As the amount of biomedical knowledge recorded in texts is steadily increasing, it is more and more important to develop efficient techniques to automatically discover new, hidden, or unsuspected knowledge in large text collections . Many text mining (TM) methods have been developed in order to achieve this goal . TM aims to discover and extract knowledge from unstructured text, making use of natural language processing (NLP) tools, such as tokenizers, morphological analyzers, part-of-speech-taggers (POS-taggers), and syntactic or deep parsers to process texts . TM in the biomedical field mostly focuses on two tasks: Named Entity Recognition (NER), i.e., the task of recognizing various types of biological entities (genes and proteins, chemicals, diseases etc.), and Relation Extraction (RE), i.e., the task of identifying relations among those entities.
The classical baseline approach to relation extraction is to only use information about the co-occurrence of entities in the given scope (sentence or abstract; [4, 5]). Using co-occurrence is popular, because it is easy to implement and allows for efficient processing of huge amounts of texts. However, co-occurrence-based approaches fail to characterize the biological meaning of an interaction (e.g., inhibition or stimulation, directionality) and, more importantly, also generate many false positives because they cannot distinguish positive from negative pairs. The second important class of approaches is based on machine learning. Here, a statistical model is learnt from a set of positive and negative examples and then applied to unseen texts. In general, machine learning-based methods to RE perform very well for any task where sufficient and high-quality training data is available [6, 7]. However, their major drawback is this need for training data, which, in the Life Sciences, is only available for the most common tasks and very costly to produce. Furthermore, machine learning-based methods are prone to overfit to the training corpus, which makes results of evaluations very hard to extrapolate to other texts .
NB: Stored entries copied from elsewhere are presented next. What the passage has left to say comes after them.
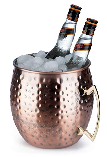 Buddy´s Bar – Moscow Mule flaskkylare, 5 liter volym, högkvalitativ rostfri kylare, livsmedelssäker, hammareffekt, jättecocktailkopp, hamrat, koppar antik, 1 styck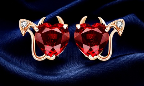 Ruby Stud Devil Earrings in 18K Plating 4 ct July Created Ruby Created Ruby Brass Plated in Gold | One Size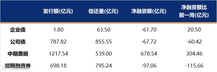 非金融企业短融、中票、企业债、公司债发行量、偿还量、净融资额(与前一周比较)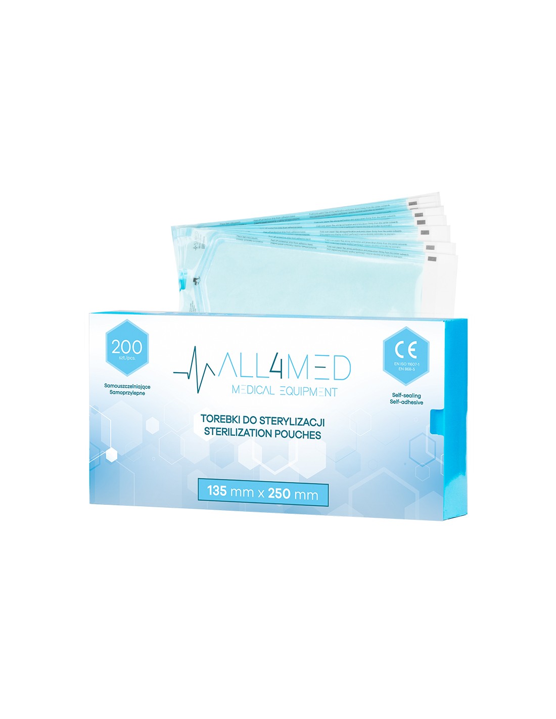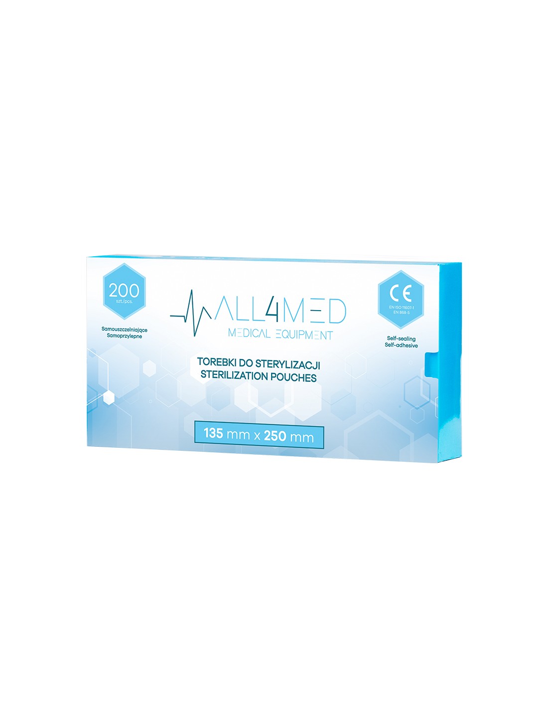Le buste autoadesive ALL4MED di alta qualità sono realizzate con materiali che soddisfano tutti gli standard medici richiesti. Sono dotate di un nastro autoadesivo grazie al quale non è necessario utilizzare un saldatore. L'indicatore posto sul prodotto confermerà il corretto svolgimento della sterilizzazione cambiando colore. Le buste sono progettate per la sterilizzazione a vapore.

A third class of relation extraction methods is based on pattern matching. Pattern-based approaches build on annotated text fragments (the patterns), where words/phrases are labelled with linguistic information, e.g. POS-tag, word lemma, or syntactic information. Those patterns are matched against linguistically annotated text to detect relationships. Patterns can either be learned from examples [9, 10] or can be defined manually [11–13]. Pattern-based systems have shown good results in many areas of biomedical text mining, such as extraction of PPI [10, 13] or the reconstruction of pathways .
Systems based on manually-defined patterns typically use relatively few patterns, leading to high precision but low recall [15, 16]. In contrast, systems that learn patterns automatically often produce thousands of patterns and exhibit a better recall, but often at the cost of a decrease in precision. To circumvent this penalty, one may try to improve a given set of patterns using some optimization criteria. As an example, SPIES  proposed a pattern set optimization method based on the minimum description length (MDL) principle from information theory . Starting from the set of all patterns retrieved from the training set, iteratively two patterns are selected for merging such that (1) a merging criterion is maximized; (2) the merged pattern does not violate some task-specific heuristic constraints. This procedure has increased the F-score for PPI extraction by 6.7%, but the MDL-based algorithm is quite complex and rather cumbersome to adapt to a new problem.
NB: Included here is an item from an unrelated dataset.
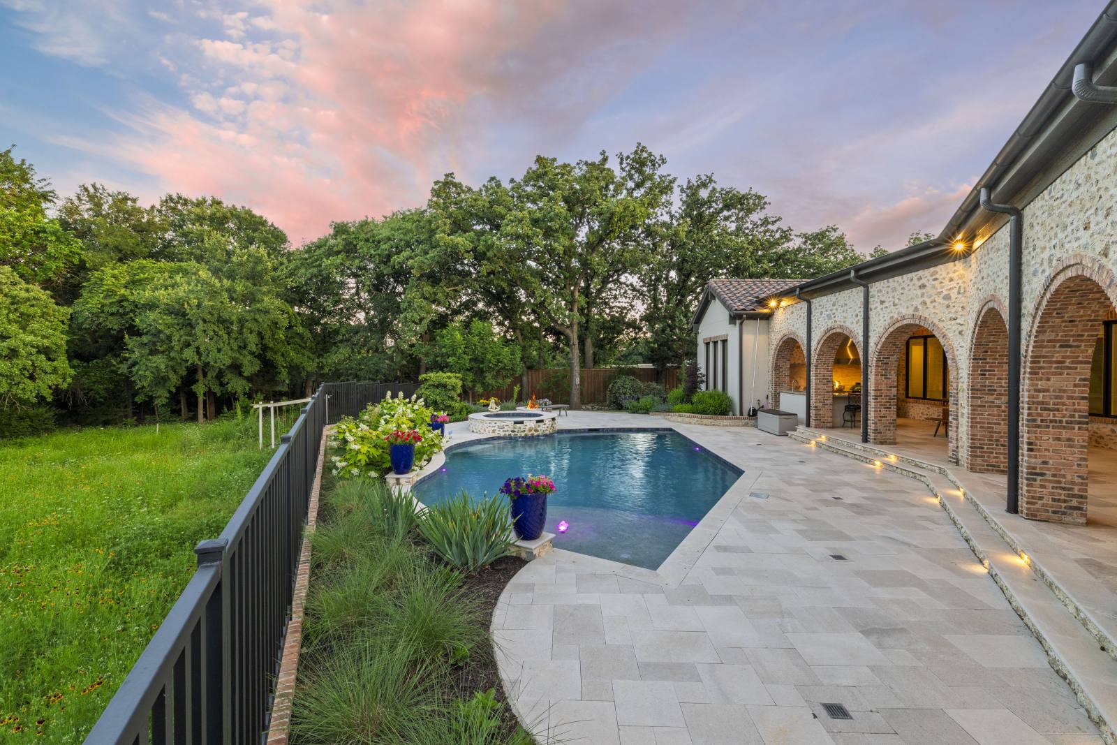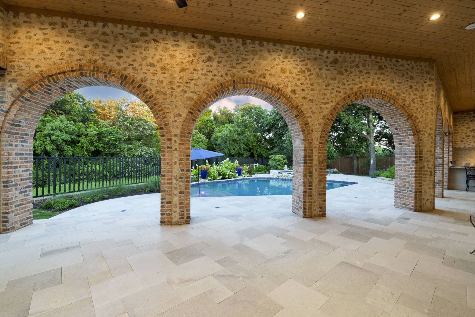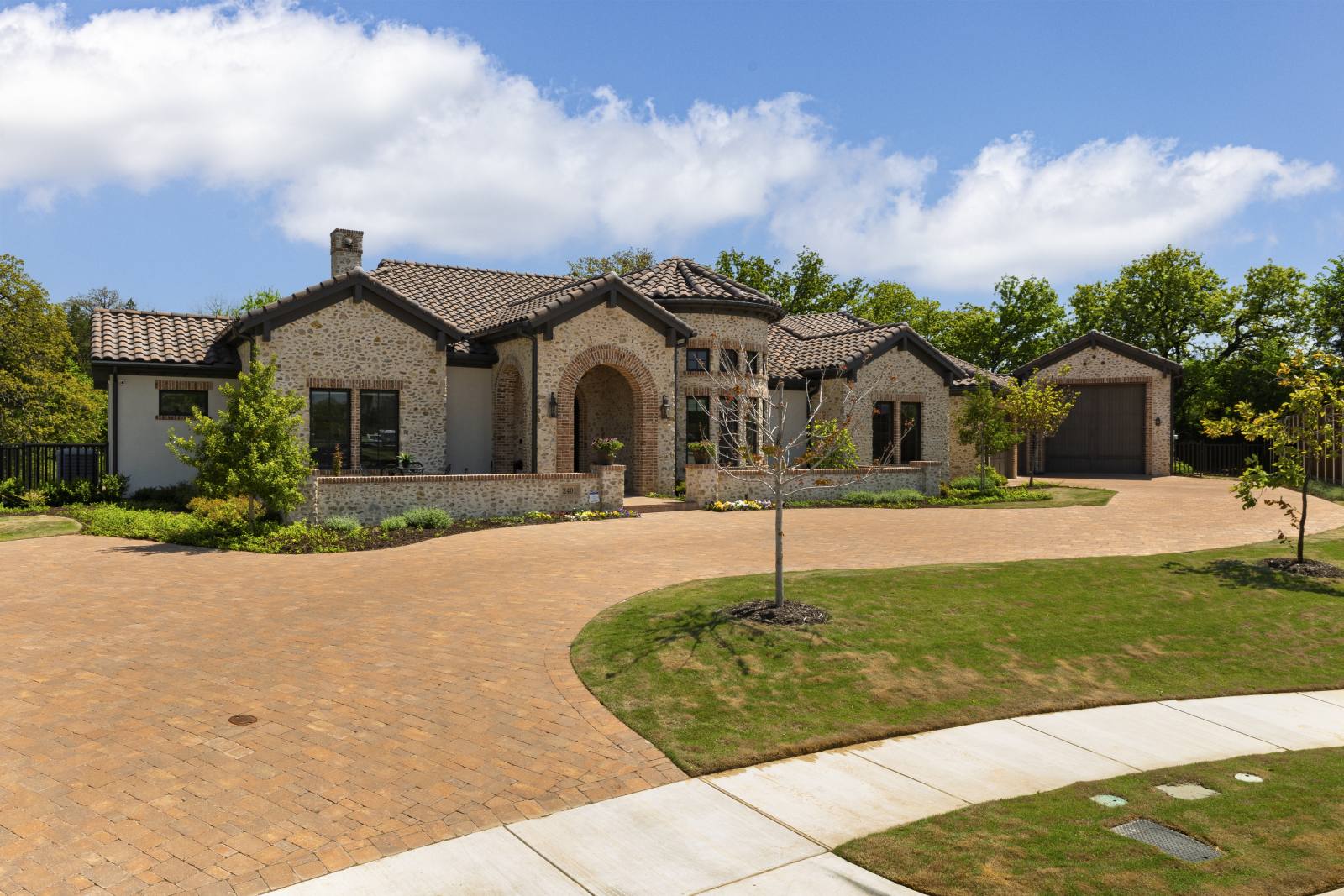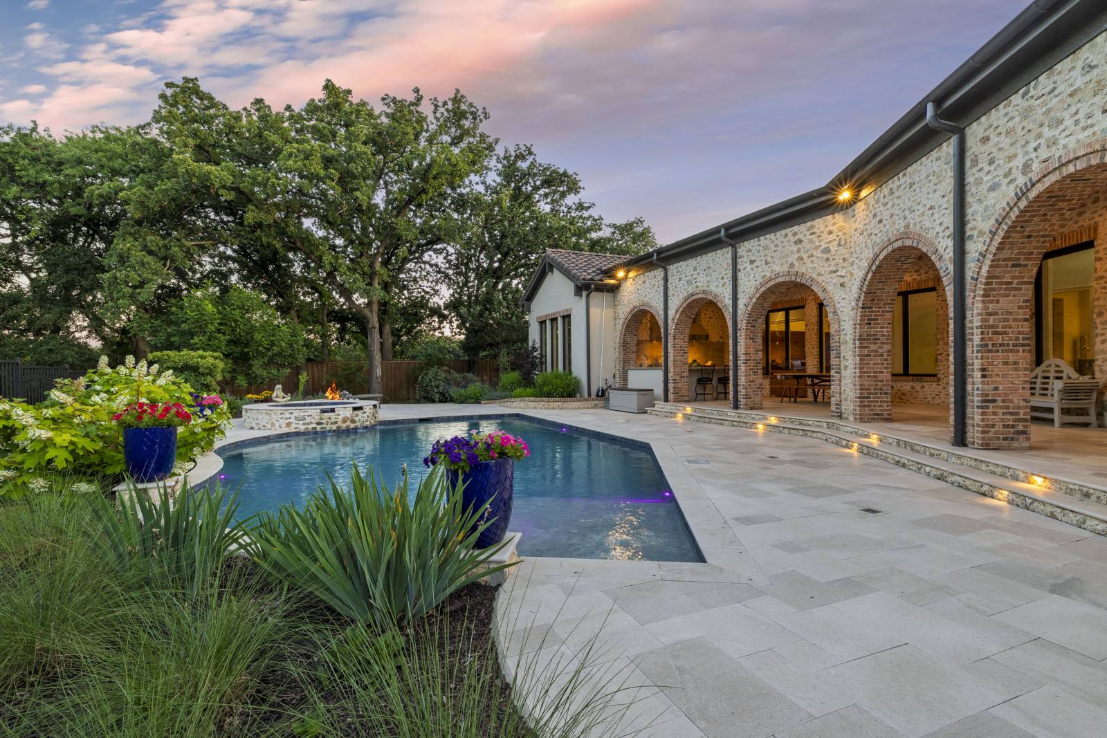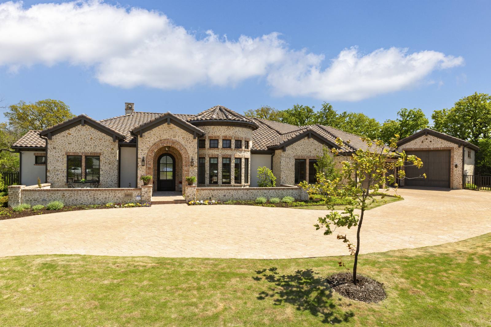 Nestled in the prestigious gated community of Stony Brook, this custom SCH award-winning Mediterranean estate offers 4,501 square feet of refined living space in a serene cul-de-sac backing to a greenbelt with no neighbors on one side. Designed for both elegance and comfort, the home features soaring ceilings, hand-scraped hardwood floors in living areas, and tile finishes throughout each of the six bathrooms. Four spacious bedrooms each include an ensuite bath, while a thoughtfully designed fourth garage bay with full bath accommodates an RV or flexible use. The open-concept kitchen and living area is the heart of the home, anchored by a large center island with breakfast bar and hidden storage. Culinary enthusiasts will appreciate the 7-burner gas cooktop, vent hood, built-in counter-depth refrigerator, and dishwasher. A separate prep kitchen with pantry, double Wolf ovens, microwave, and warming drawer ensures effortless entertaining. The formal dining room provides an elegant setting for gatherings, while the eat-in area overlooks the private backyard oasis. Outdoor living is elevated with a heated pool (with cover), heated spa, and tranquil water feature. The covered patio includes a fully equipped outdoor kitchen with commercial vent hood over the gas grill, complemented by a fire pit and convenient half bath. Modern amenities include owned solar panels with a 25-year transferable warranty and a smart home system controlling lighting, sound, security, fire suppression, and climate. The extra-deep three-car garage offers two prewired EV charging ports, while the fourth bay is designed for RV storage. Zoned for Keller ISD with open enrollment for Carroll ISD, this home combines award-winning craftsmanship, advanced technology, and resort-style amenities in one of the area’s most desirable communities. A rare opportunity to experience luxury, privacy, and convenience in perfect harmony.

In this paper, we propose much simpler ways of improving pattern-based relation extraction. We focus on simple filtering techniques that take into account the complexity of the pattern and the complexity of the texts the patterns are applied to. Our ideas are based on the observations that (1) very oftenmost of the patterns in an automatically learned pattern set are used rarely, that (2) complex patterns tend to produce more false matches, and that (3) complex or ambiguous phrases in the text tend to produce higher error rate.
We evaluate our ideas using the corpus of the BioNLP'09 Shared Task (hereafter BioNLP task)  and the pattern-based text mining system Ali Baba . While earlier shared tasks (such as BioCreative II, ) have dealt with general PPI, the BioNLP task focused on a set of more specific molecular events, such as gene expression, protein catabolism, or positive regulation and negative regulation. We hypothesized that a well-performing relationship extraction system like Ali Baba would perform well also on these tasks, because (a) all targeted events encompass the relationship between at least two constituents (either entities or trigger words), and (b) 95% of all annotated events are fully contained within a single sentence .
However, its initial performance was rather poor. However, by using simple text and pattern filters, we were able to improve F-scores considerably. For instance, the unfiltered pattern set led to an F-score of only 24.8% on gene expression events, but the score rose to 51.9% after filtering. Although we evaluated our ideas only using Ali Baba, we want to stress that our filters are defined in such a way that they also should be applicable to other tasks and to other pattern-based extraction methods.